A fond farewell: Doreen Christensen Announces Retirement from the Sentinel

I didn’t format this – it is in today’s Sun Sentinel. Doreen will forever be missed from the paper’s pages. ☹

A fond farewell: Doreen Christensen Announces Retirement from the Sentinel


2/2/2020 Sun Sentinel – Broward enewspaper.sun-sentinel.com/html5/desktop/production/default.aspx?edid=544d6cc0-3522-4315-b079-bcadba100773 1/2

A fond farewell

Friday was my last day at the Sun Sentinel.

After 40 years, I’ve decided to hang up my press pass, pica pole and proportion wheel and retire from this wonderful newspaper. The company made an offer I can’t refuse. I’m ready for a bit of rest and more travel with my husband, Dan. I’ve had many different jobs here, from editing the TV Book to laying out news and features sections on the copy desk. But digging up more than 3,500 Doreen’s Deals and saving you money these past 10 years has been by far the most satisfying. I will miss writing for you. Many newsies say ink runs in their veins. I’ll go a step further. It’s intertwined in our DNA. This newspaper — every newspaper — lives, breathes and has a heartbeat. I love the Sun Sentinel like it’s a member of my own family because I’ve spent nearly three quarters of my life growing into a career. This has been my only job. I’ve been honored to work with this talented news team of dedicated reporters and editors covering many stories. But I’m most proud of our winning the 2019 Pulitzer Prize for Public Service, among many other honors, after spending most of 2018 weeping, reporting and writing about the Parkland massacre. It was a bittersweet moment, receiving our second gold medal in a decade. It shows how this courageous staff has your back. They deserve your never-ending support. I will miss them so. Forty years ago, when I was in high school, my friend Alaina helped me get a job working for the Fort Lauderdale News selling subscriptions. Every day after school, a nice man named Mr. Shumacker picked me and eight other kids up in his big white van and dropped us in local neighborhoods (South Florida was safer then) to go door-to-door asking people to buy the News, a dominant evening paper, or the morning Sun Sentinel. A 13-week subscription was just $5. What a deal. I was awful at it.

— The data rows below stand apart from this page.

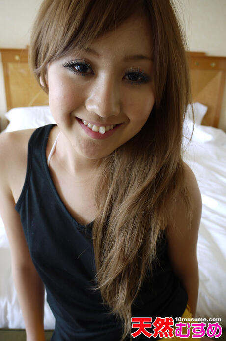 10musume: Super hot Japanese babe Shiroto Yuki toying her hairy cunt and riding a dildo
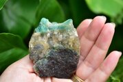 エメラルドのグリーンカラーがぎっしりと入った原石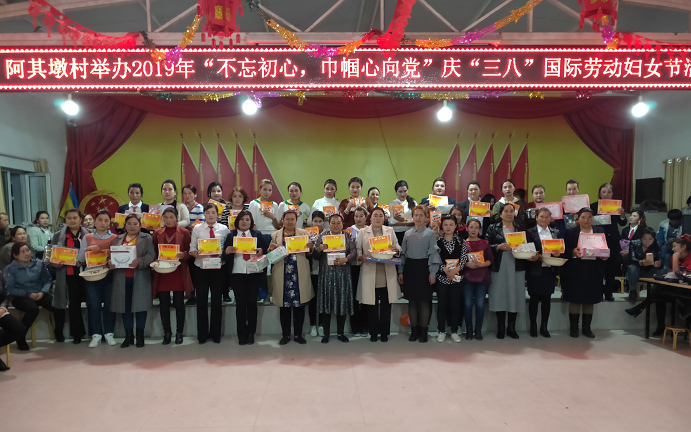 活动期间,阿其墩村评选表彰了一批“好婆婆”、“好媳妇”、“三八红旗手”等先进典型,引领广大妇女群众弘扬传承文明家风,践行核心价值观。驻村工作队队长华国虎为获得阿其墩村2019年度“好婆婆、好媳妇”荣誉称号的12名妇女同胞颁发奖品,以资鼓励,进一步弘扬中华民族孝老爱亲的传统美德。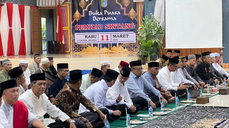 RRI.CO.ID, Sintang - Pemerintah Kabupaten Sintang menggelar acara buka puasa bersama jajaran Forkopimda, tokoh agama, dan tokoh masyarakat serta anak yatim piatu dari panti asuhan Mujahidin Sintang di Pendopo Rumah Jabatan Bupati Sintang pada Rabu 11 Maret 2026. Kegiatan ini merupaka agenda rutin tahunan yang dilaksanakan sebagai upaya memperkuat tali silaturahmi antara jajaran birokrasi dengan elemen masyarakat ditengah suasana khidmat bulan suci Ramadan 1447 Hijriah. (din)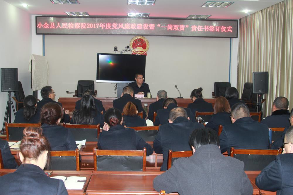 为加强检察机关党风廉政建设和自身反腐败工作,明确班子成员及部门负责人在党风廉政建设中的责任,保证严格、公正、文明、廉洁执法,3月6日,我院召开2017年度党风廉政建设专题部署会议,并举行了《党风廉政建设责任书暨“一岗双责”责任书》签订仪式。6名班子成员分别向检察长递交责任状,10名部门负责人分别向分管领导递交责任状,层层签订、逐级压实责任。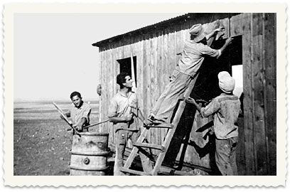 בניית צריף במחנה הקבוצה במשמר העמק (1932). המצולמים: הלל לבני, אברהם דוויצו, קלמי, יצחק שלזינגר. בתצלום למטה: המחנה במגדיאל (1932), לימים חלק מהוד השרון.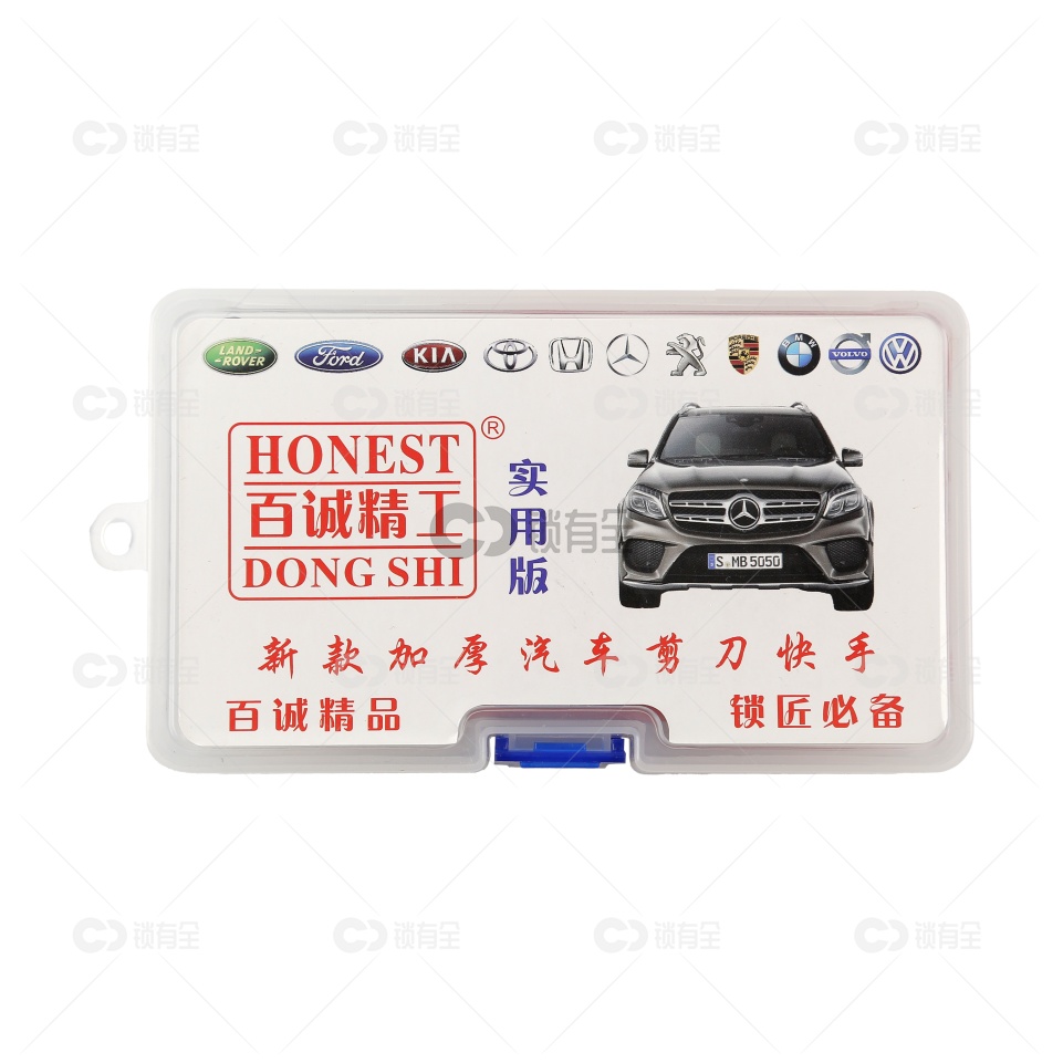 新款不锈钢剪刀汽车快手12件套,磨砂防滑手柄,产品采用进口高强度不锈钢制作,弹性好,不容易生锈,开启率高,非一般电镀品能比的。快速开启两面牙花的汽车锁的好工具。

Mr. Shumacker would tell me every Monday that he was going to have to let me go if I didn’t sell at least one subscription. I’d then beg him to come knock on a door and show me how it was done. He would agree and literally stick his foot in the door until the poor person handed over the five bucks. I helpfully filled out the order in my little book. This went on for months. I was no salesman. I soon transferred into the main office on the New River in downtown Fort Lauderdale to work in the Circulation department answering phones after school, learning first-hand the importance of good customer service. Not long after starting, I made my first trip to the press room. I’ll never forget the intoxicating smell of ink and the rumble and roar of those mighty machines. From that moment, I was hooked. The printing of a newspaper is truly a daily miracle, sheer teamwork. A running press is mesmerizing. I still pop into the press room to marvel at those beautiful hunks of metal. I will miss them.

Next, I transferred to the newsroom, taking a full-time job as the editorial page clerk, then as executive secretary to the editor. I finally made the leap from the clerical staff to the professional staff as an editor on the feature copy desk, thanks to Editor Earl Maucker. Finally, in 2010, I settled in the features department as a digital reporter. I became a columnist in 2013how I bought a Lexus with coupons, explaining . I’ve worked for eight publishers and five executive editors. I’ve had many mentors. They taught me trade secrets about their craft while encouraging and challenging me to grow. This business rewards curiosity and allows the pursuit of subjects that interest you; it lets you make a difference in your community and right wrongs, but mostly, it’s just plain fun. As a bonus, you get to meet all kinds of interesting people. I will miss that, too. There have been so many editors who helped mold me into the journalist I am today. They know who they are, and I’ll forever be grateful for their help. Like most of my grizzled colleagues, I’ve tried to pay that forward to every intern and green staffer who came my way.

One final thought: Before sharing bitter rhetoric about the dying state of the news business and destruction of local news by corporate overlords, let’s try something different. Buy the newspaper or a digital subscription. Support journalism. Please stop complaining on social media that you can’t read our stories because you hit a paywall. You don’t get a cup of coffee at Starbucks for free, and the same is true of the news. Pony up. You won’t be sorry. To make it easy for you, I’m sharing one final Doreen’s Deal. I asked our publisher, Nancy Meyer, for a hot subscription offer for six months of unlimited access to SunSentinel.com for $1.

Go to SunSentinel.com/greatdeal to sign up through Feb. 14. Share that with your friends and family!

It’s ironic that after celebrating my 40th anniversary on Jan. 27, I’ve come full circle, going out just like I came in, selling subscriptions. Now, it’s time to say so long. Thank you for being a loyal reader and for subscribing to the Sun Sentinel.